Enfoques

Becoming-bird: Alternative Models of Girlhood in "Pájaros en la boca" by Samanta Schweblin

Ana Deleon-Zemke

University of California, Davis

DOI: 10.58748/ADZBB

Resumen:

This article analyzes Samanta Schweblin's short story "Mouthful of Birds" to examine how the protagonist Sara's consumption of live birds creates alternative models of girlhood that resist patriarchal control and environmental toxicity. Through theoretical frameworks from Julia Kristeva, Gilles Deleuze and Félix Guattari, Stacy Alaimo, and Barbara Creed, I argue that Sara's transformation represents sophisticated embodied resistance operating across psychological, political, and environmental registers. Her bird consumption functions as abjection that threatens patriarchal symbolic order, becoming-animal that creates escape routes from prescribed femininity, trans-corporeal alliance that refuses toxic incorporation, and monstrous-feminine embodiment that challenges masculine authority. Rather than pathological behavior requiring psychiatric intervention, Sara's becoming-bird demonstrates how girlhood can become a site of radical transformation that addresses interconnected crises of patriarchal regulation and environmental destruction.
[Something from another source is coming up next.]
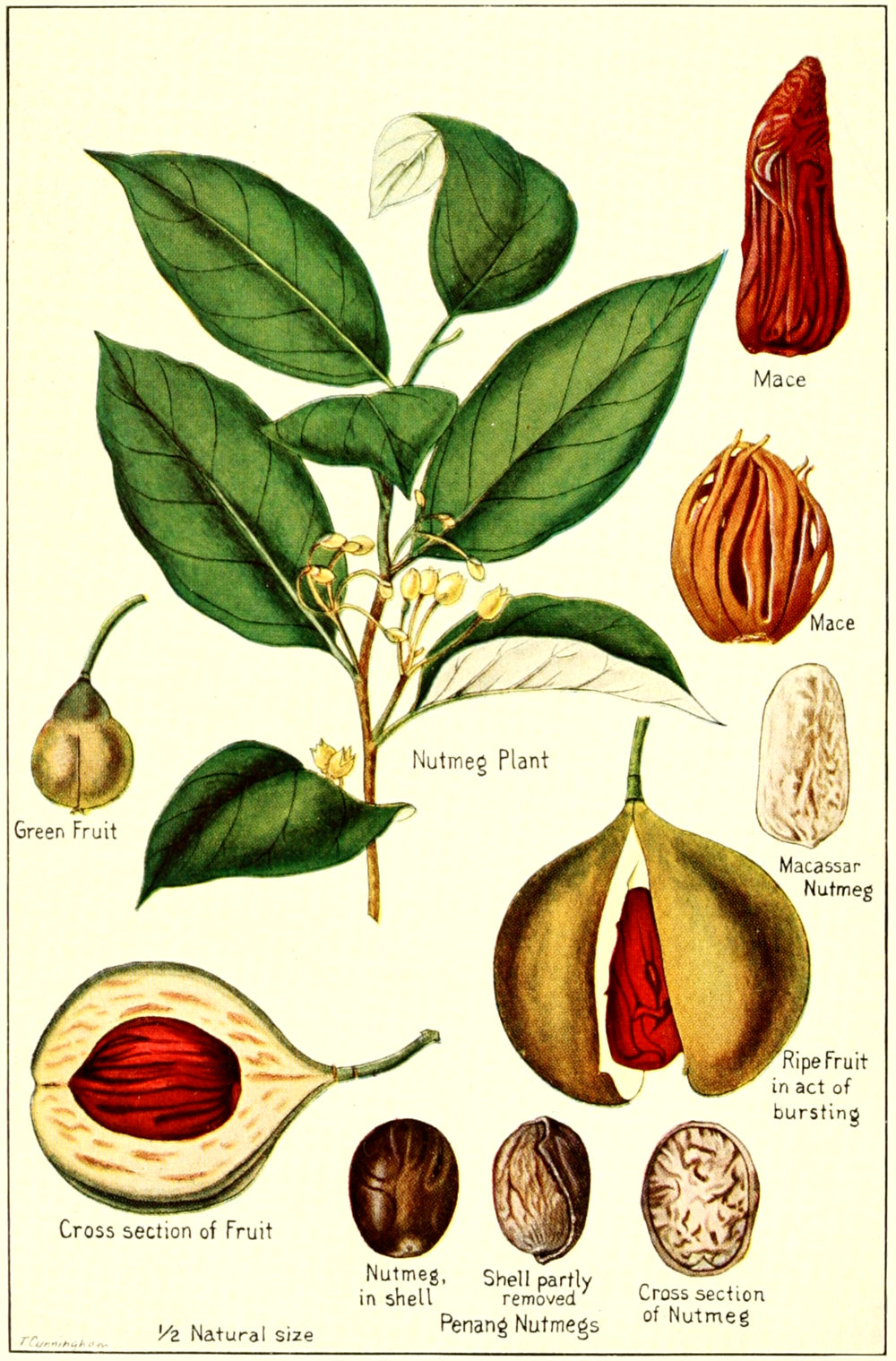 The Nutmeg-tree, genus Myristica (natural order Myristicaceæ), native of the Malay Archipelago, usually grows to a height of twenty to thirty feet. While the greater part of the world’s supply of both Nutmegs and Mace comes from the Banda Islands, the West Indies are by no means to be overlooked.

Her refusal of domesticated consumption and direct material alliance with more-than-human nature creates new possibilities for existence outside industrial capitalism's toxic systems. This analysis reveals how Samanta Schweblin's fiction positions children as incisive social critics whose marginalized status grants unique clarity about normalized violence and dysfunction. Sara's transformation suggests that alternative models of girlhood can emerge through material interconnection with non-human nature, offering environmental wisdom that challenges the systems designed to contain and define feminine identity.